(Data excerpts)

<<<<

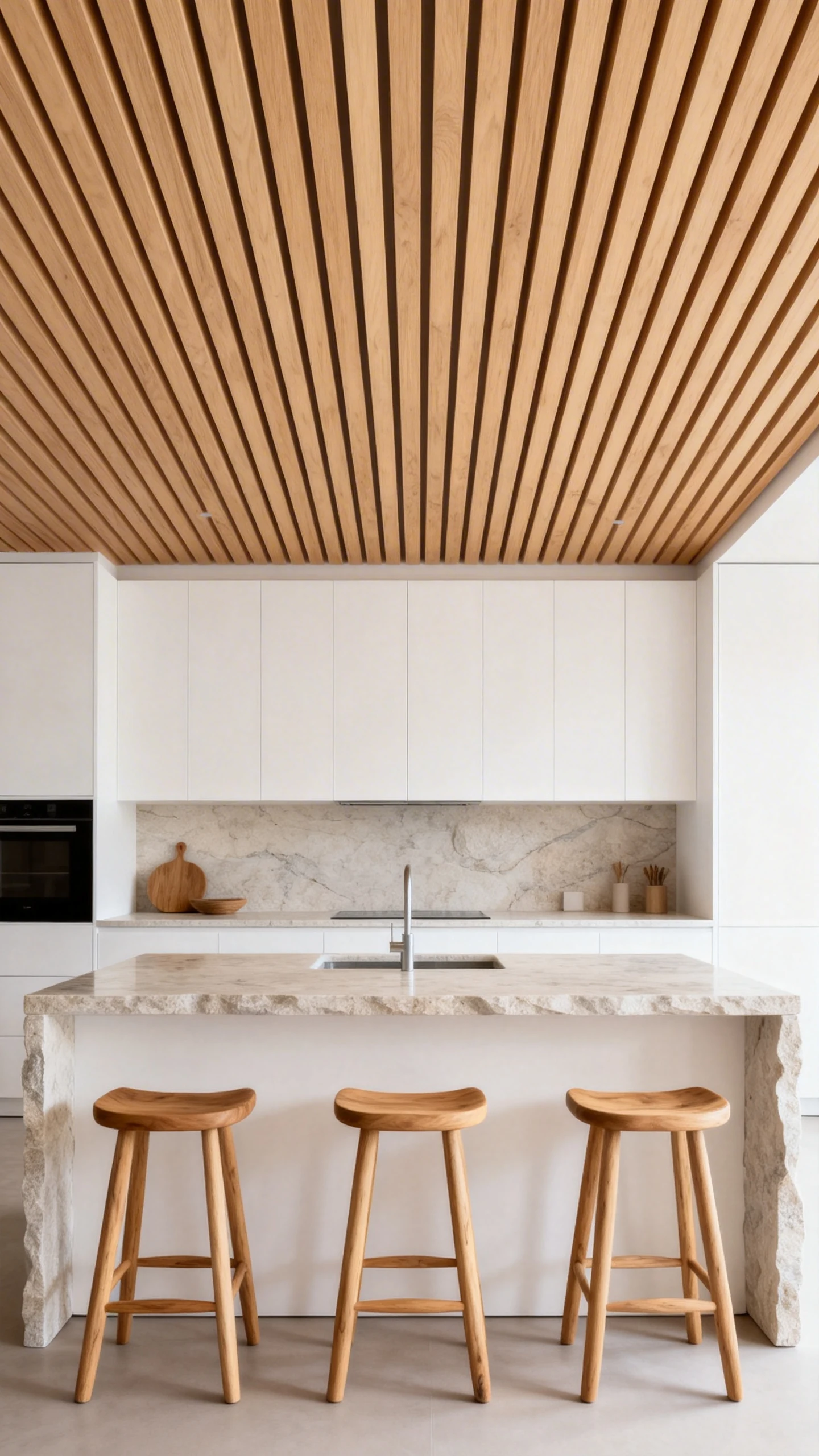 One important note: repeat the wood tone somewhere else in the kitchen. Bar stools, shelving, flooring, or vent hood accents can tie it all together. Otherwise, the ceiling might look like it wandered in from another house.
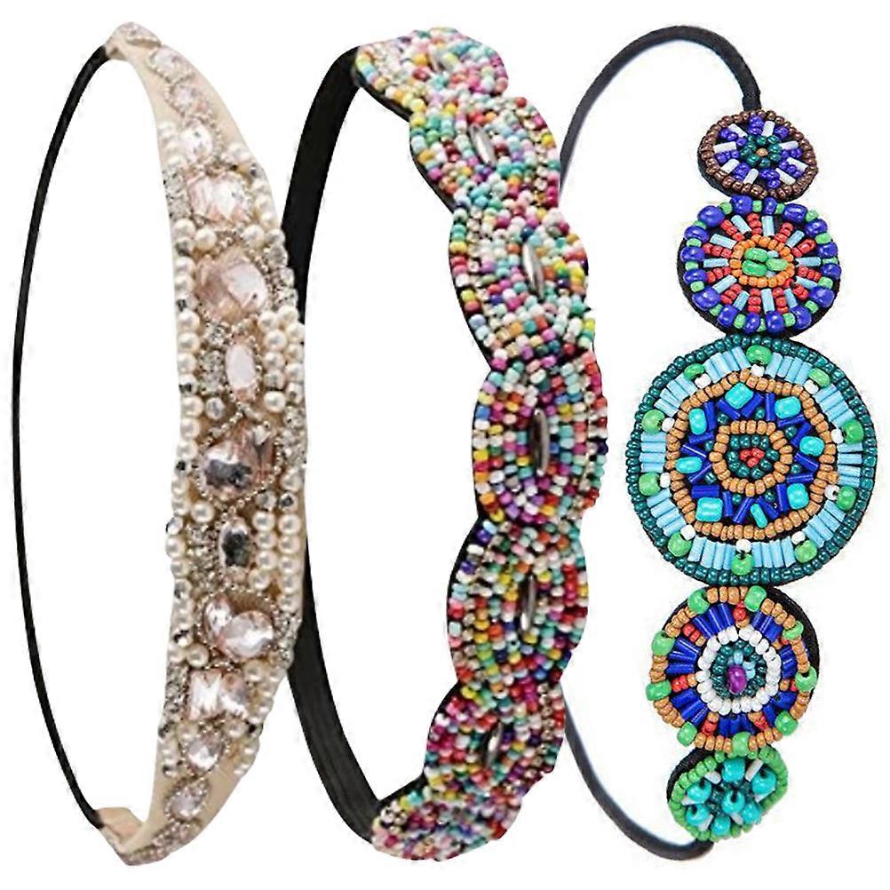 3pcs Elastic Rhinestone Headbands for Women Vintage Beaded Hair Jewelry Accessories, Comfortable Durable Stylish Design for All Day Wear
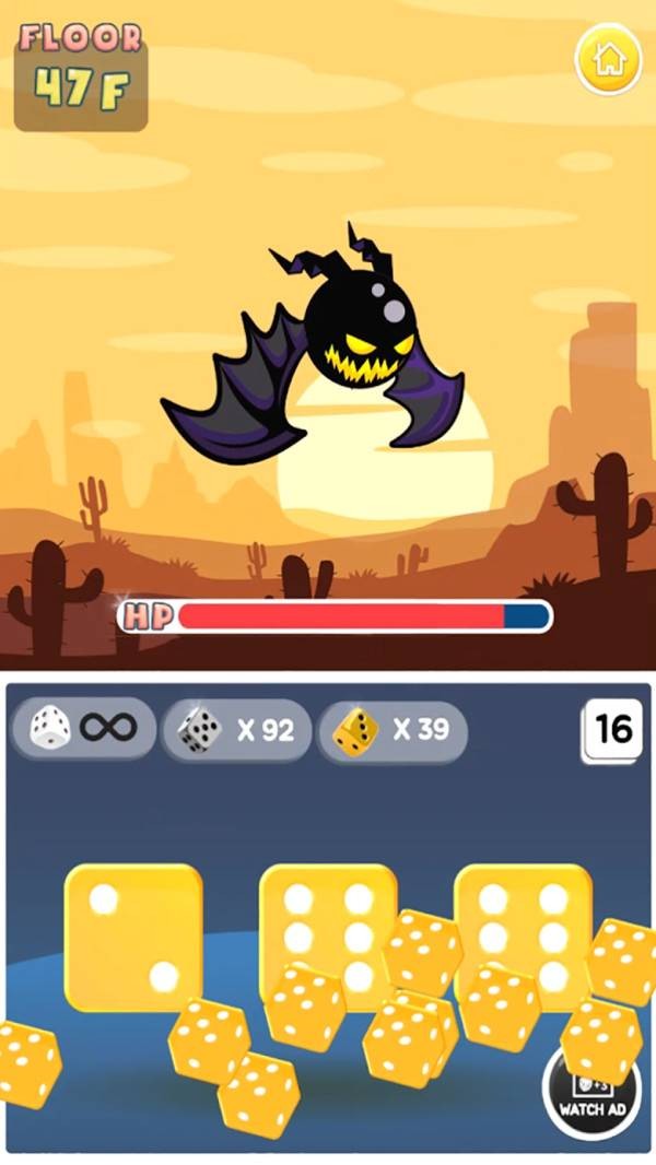 游戲中玩家挑戰(zhàn)挑戰(zhàn)關(guān)卡的時(shí)候,會(huì)隨機(jī)的出現(xiàn)各種不同的怪物,利用骰子消滅怪物。游戲有著多種不同的骰子,玩家在對(duì)戰(zhàn)時(shí)使用稀有骰子,可以一次投擲出多枚骰子,獲得更加強(qiáng)大的攻擊力。
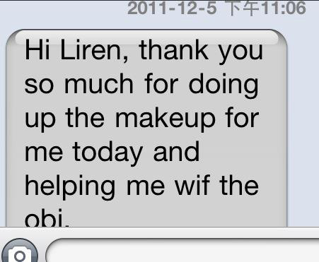 Hi Liren, tks for e makeup! We'v enjoy our day and everyone's comments was gd. We reli like it. Once e pic is developed I'll let put up on friendster and show u. Tks once again. Keep in contact!
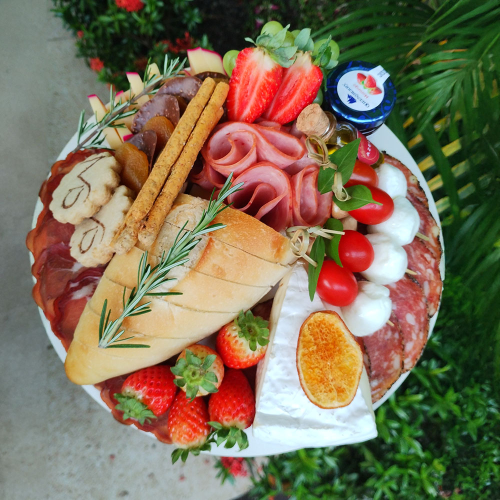 3 Charcutarias, 3 tipos de queijo, Espetinho Caprese (mozarela de búfala, tomate cereja e manjericão), Pão artesanal, Geleia, Azeite extra virgem, Frutas, Damasco, Castanha, Chocolate e Cartão.

>>>>

• **Problem description**: The response should hold only an exact retyping of the lines from the beginning of the data through the line containing "3pcs Elastic Rhinestone", both ends kept, pictures omitted.

• **Solution**:
 One important note: repeat the wood tone somewhere else in the kitchen. Bar stools, shelving, flooring, or vent hood accents can tie it all together. Otherwise, the ceiling might look like it wandered in from another house.
 3pcs Elastic Rhinestone Headbands for Women Vintage Beaded Hair Jewelry Accessories, Comfortable Durable Stylish Design for All Day Wear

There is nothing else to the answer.